# [WORK REQUEST]
Please transcribe exactly, and only, the lines of the data below between the line holding "コーンの素を1袋分入れる (入れすぎると膨らみ不足)" and the line holding "전선(케이블) 연등승강장치 天上列車", inclusive.

# [SUPPLIED MATERIAL]
BEGIN

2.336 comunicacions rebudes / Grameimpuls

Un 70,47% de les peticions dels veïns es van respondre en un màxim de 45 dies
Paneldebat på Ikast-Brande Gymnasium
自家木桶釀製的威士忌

END
BEGIN

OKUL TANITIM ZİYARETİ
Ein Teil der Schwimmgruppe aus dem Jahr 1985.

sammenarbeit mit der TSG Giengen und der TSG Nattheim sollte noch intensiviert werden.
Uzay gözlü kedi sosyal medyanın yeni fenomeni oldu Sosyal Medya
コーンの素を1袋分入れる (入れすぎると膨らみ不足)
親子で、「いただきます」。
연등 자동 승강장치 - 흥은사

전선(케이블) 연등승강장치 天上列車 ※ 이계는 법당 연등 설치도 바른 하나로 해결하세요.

END
BEGIN

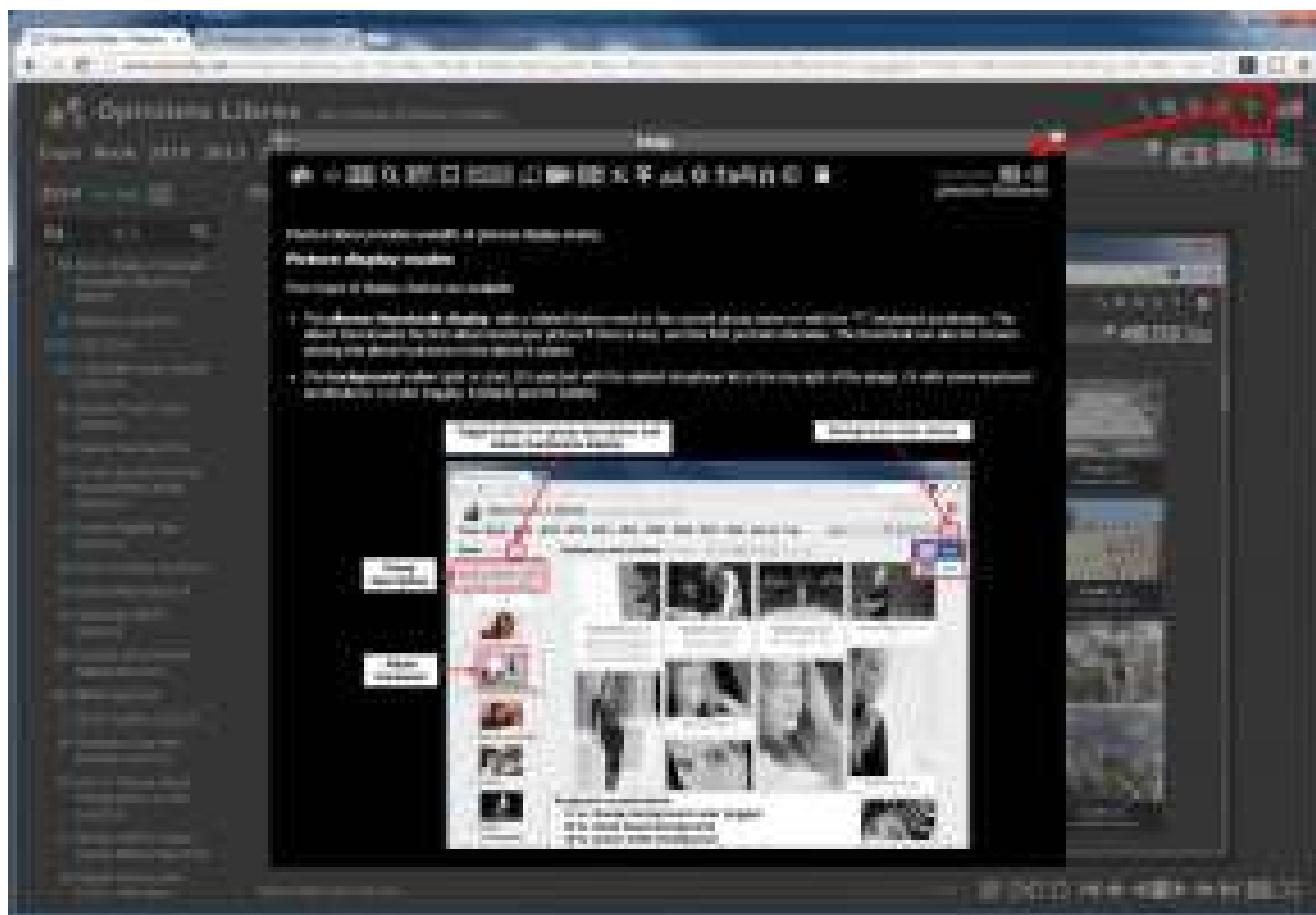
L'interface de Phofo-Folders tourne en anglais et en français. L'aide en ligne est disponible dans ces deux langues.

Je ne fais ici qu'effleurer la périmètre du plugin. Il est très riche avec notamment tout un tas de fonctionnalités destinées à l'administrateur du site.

END

# [ANSWER BOX]
コーンの素を1袋分入れる (入れすぎると膨らみ不足)
親子で、「いただきます」。
연등 자동 승강장치 - 흥은사

전선(케이블) 연등승강장치 天上列車 ※ 이계는 법당 연등 설치도 바른 하나로 해결하세요.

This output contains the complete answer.